Electronic Market is a digital-first e-commerce platform focused on consumer electronics. Operating since 2019, it faced a significant revenue boom during the COVID-19 pandemic, followed by a decline as physical retail rebounded in 2021. This analysis aims to uncover patterns in revenue, customer behavior, product performance, and regional dynamics to deliver actionable recommendations for business optimization.

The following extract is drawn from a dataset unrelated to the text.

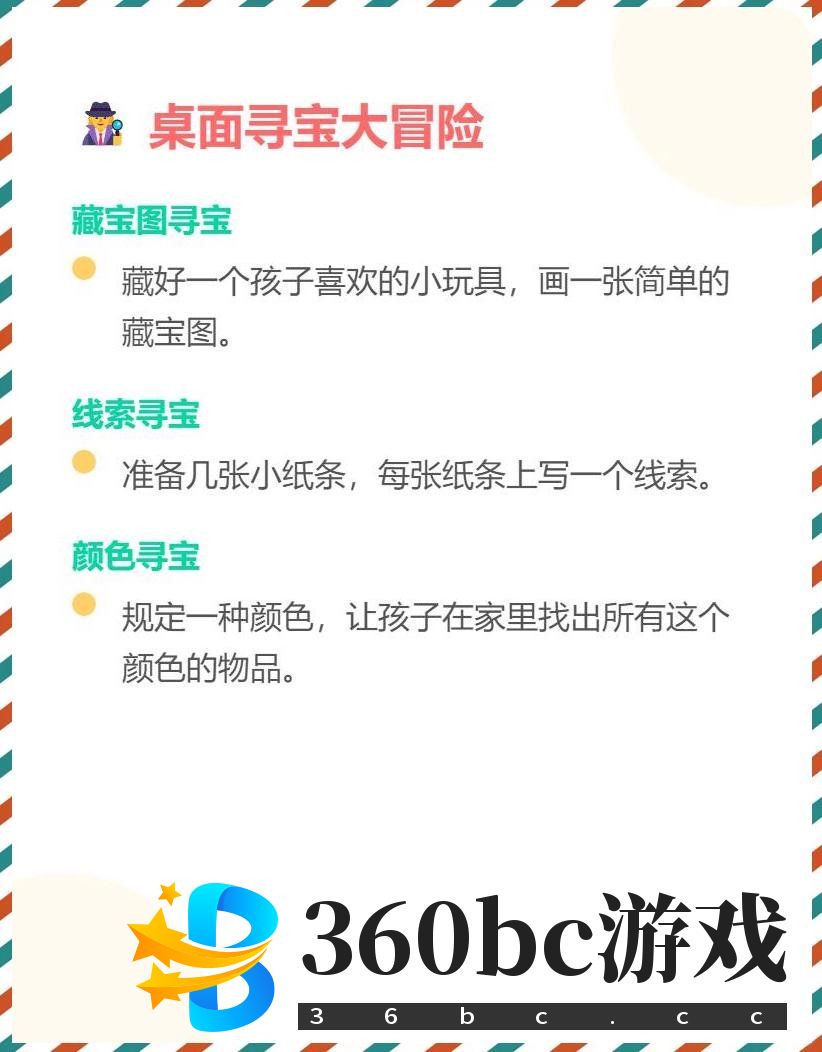通过藏宝图、线索和颜色寻宝等方式,在家中进行一场乐趣无穷的搜索游戏。 ► 玩法介绍 藏宝图寻宝:精心隐藏孩子喜爱的小玩具或零食,并绘制一张简洁的藏宝图,以图形和箭头指示藏匿地点,让孩子依据地图探索。 线索寻宝:准备数张小纸条,每张纸条上书写一个线索,如“寻找家中的隐蔽角落”,孩子需依次解开线索,逐步逼近“宝藏”的所在。 颜色寻宝:设定一种特定颜色,让孩子在家中尽情寻找所有相同颜色的物品,锻炼观察力与专注力。

## 2. Data Loading & Preview

## Executive KPI Summary

The following table summarizes key business metrics extracted from the Electronic Market dataset:

In [None]:
import pandas as pd

# Precomputed KPI values
summary_df = pd.DataFrame({
    "Metric": [
        "Total Revenue (2021)",
        "Repeat Buyer Rate",
        "Top Product Revenue %",
        "Avg. Time to Ship (Corrected)",
        "Regional Leader"
    ],
    "Value": [
        "$1,240,539",
        "22.5%",
        "12.8%",
        "2.0 days",
        "EMEA / 36.4%"
    ]
})

display(summary_df)

In [None]:
import pandas as pd
import matplotlib.pyplot as plt
import seaborn as sns

plt.style.use('seaborn-v0_8-deep')
sns.set_theme()

# Load Excel file
xls = pd.ExcelFile("electronic_market_dataset.xlsx")
orders_raw = xls.parse("orders_cleaned")
orders = orders_raw[1:].copy()
orders.columns = orders_raw.iloc[0]
orders = orders.dropna(subset=["USD_PRICE"])

# Preview loaded data
display(orders.head())

## 3. Data Cleaning & Preparation

In [None]:
# Type casting and formatting
orders["USD_PRICE"] = orders["USD_PRICE"].astype(float)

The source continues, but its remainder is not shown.